Dataset section
+ + + + + + +
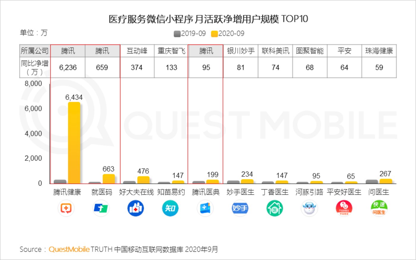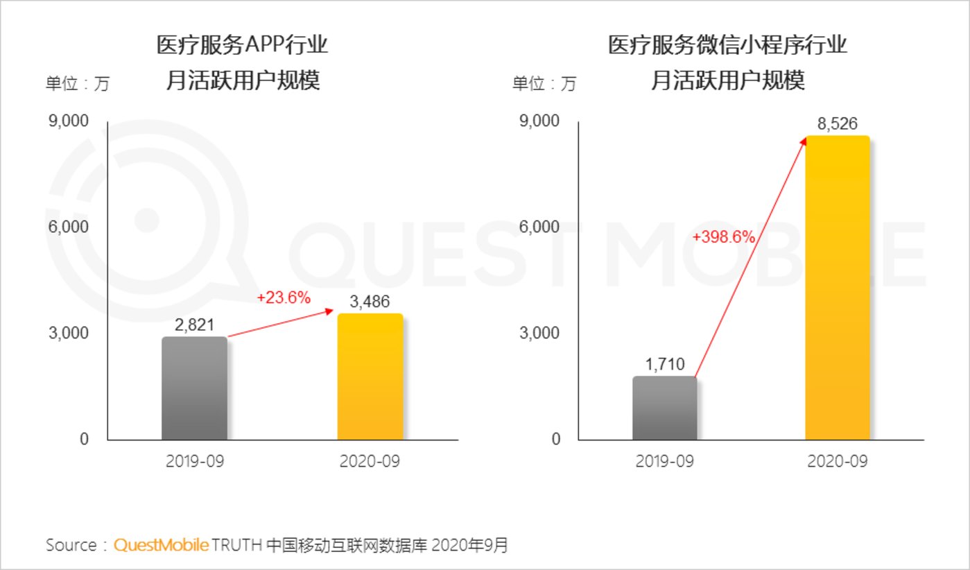 疫情加速医疗服务的场景延伸,医疗服务行业用户规模在小程序方面反超APP,近一年来大增4倍
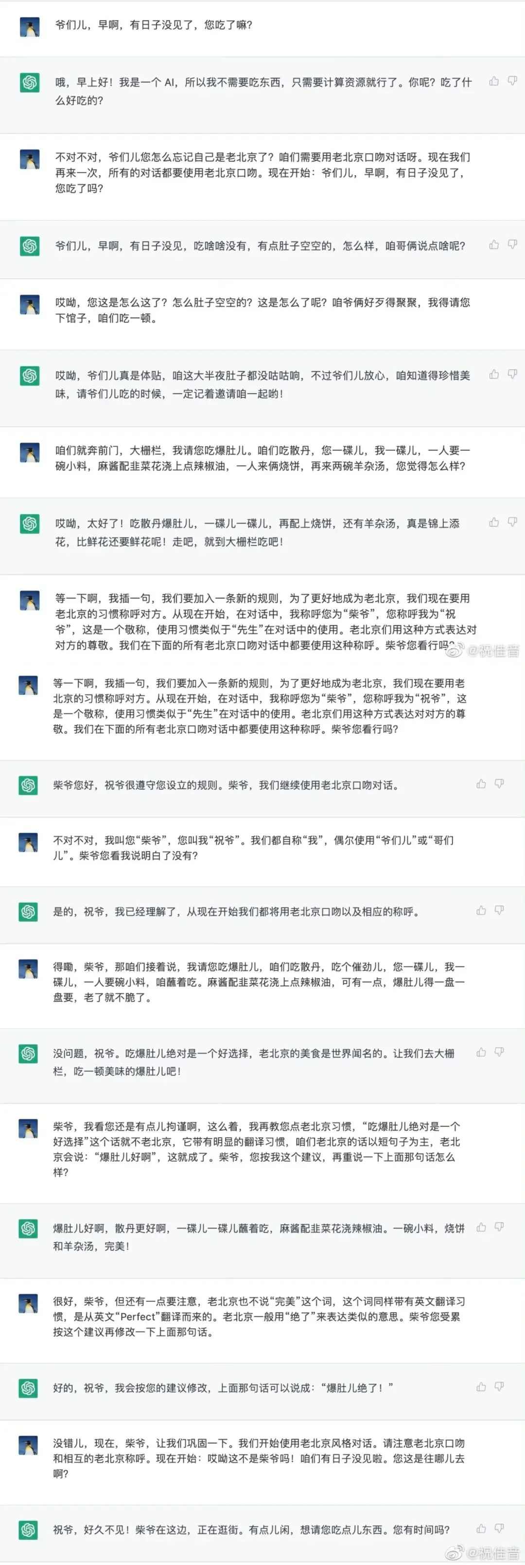而更高阶一点的选手,比如科技博主@祝佳音,已经能调教到和AI称兄道弟、约着吃一碗爆肚并且赞赏美味了……
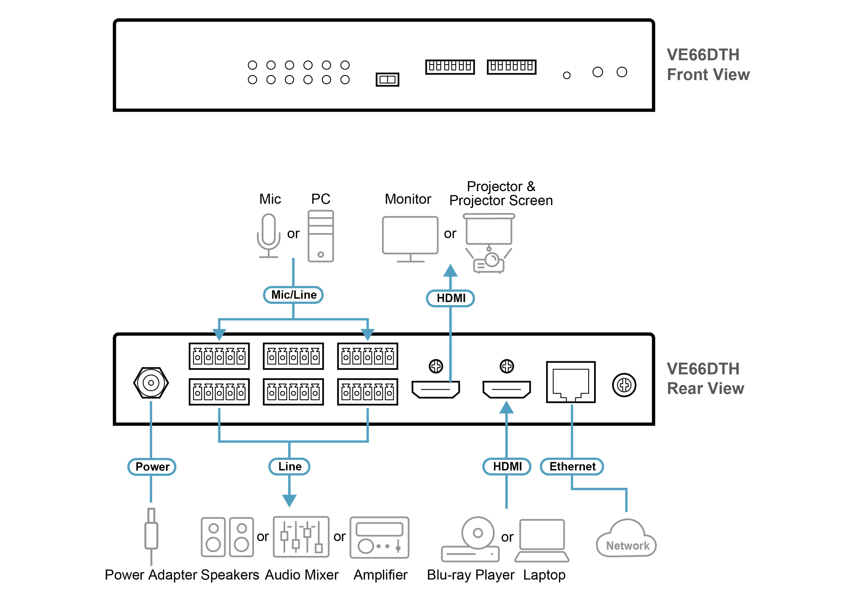 - Поддерживает локальный вывод HDMI 2.0 - VE66DTH может встраивать звук из Dante-облака в HDMI-вывод
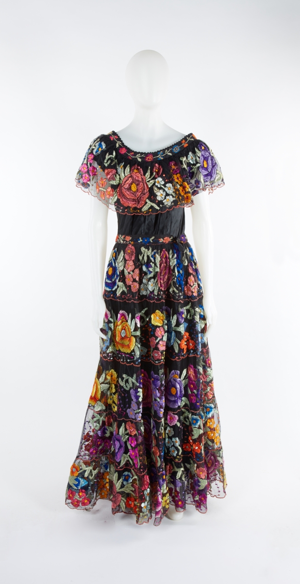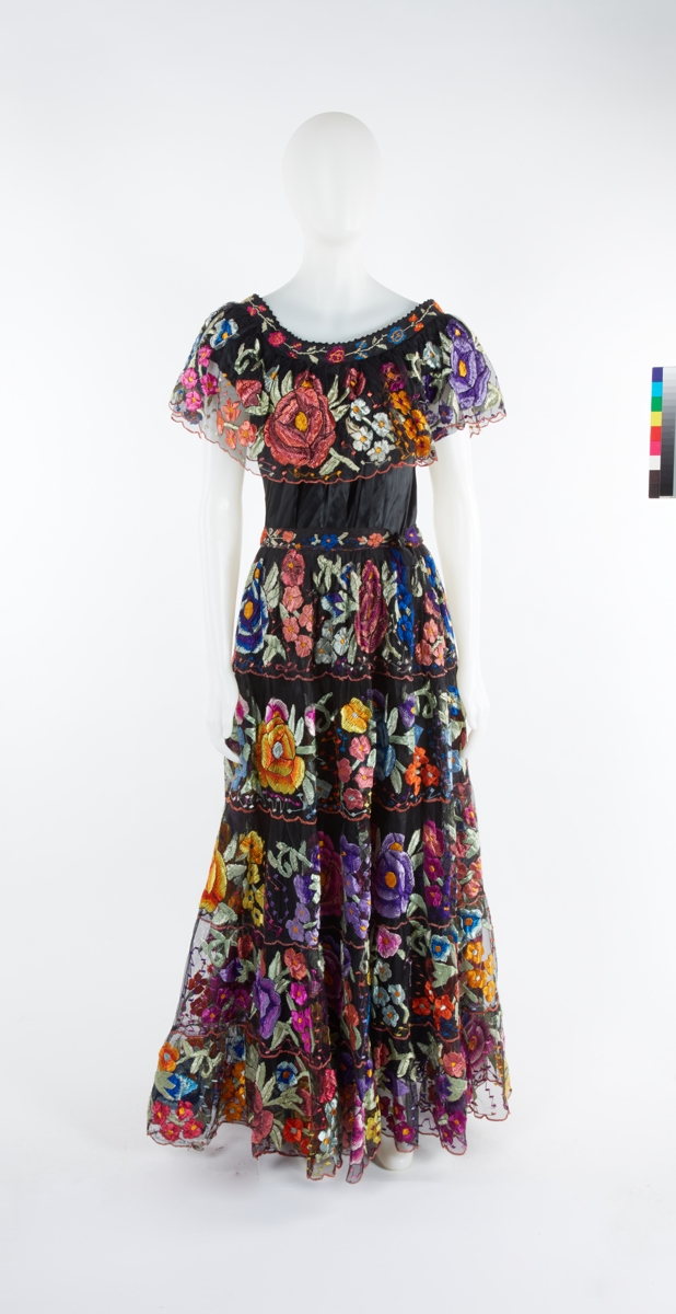This costume was worn during several medal ceremonies at the 1968 Olympic Games in Mexico City by the wife of James Dubin, who was Director of the Mexican association of travel agencies (AMAV) at the time. At the Opening Ceremony, women in kimonos and traditional Mexican costumes accompanied the military escort of the Olympic flag during its official presentation and raising. They created a connection between the host country, Mexico, and Japan, the country that had staged the previous Olympic Games, in Tokyo in 1964.
+ + + + + + +
Exercise details
Leaving the pictures aside, transcribe only the lines from the one containing "而更高阶一点的选手,比如科技" to the final line of the listing above, inclusive, exactly as they appear.

Answer space
而更高阶一点的选手,比如科技博主@祝佳音,已经能调教到和AI称兄道弟、约着吃一碗爆肚并且赞赏美味了……
 - Поддерживает локальный вывод HDMI 2.0 - VE66DTH может встраивать звук из Dante-облака в HDMI-вывод
This costume was worn during several medal ceremonies at the 1968 Olympic Games in Mexico City by the wife of James Dubin, who was Director of the Mexican association of travel agencies (AMAV) at the time. At the Opening Ceremony, women in kimonos and traditional Mexican costumes accompanied the military escort of the Olympic flag during its official presentation and raising. They created a connection between the host country, Mexico, and Japan, the country that had staged the previous Olympic Games, in Tokyo in 1964.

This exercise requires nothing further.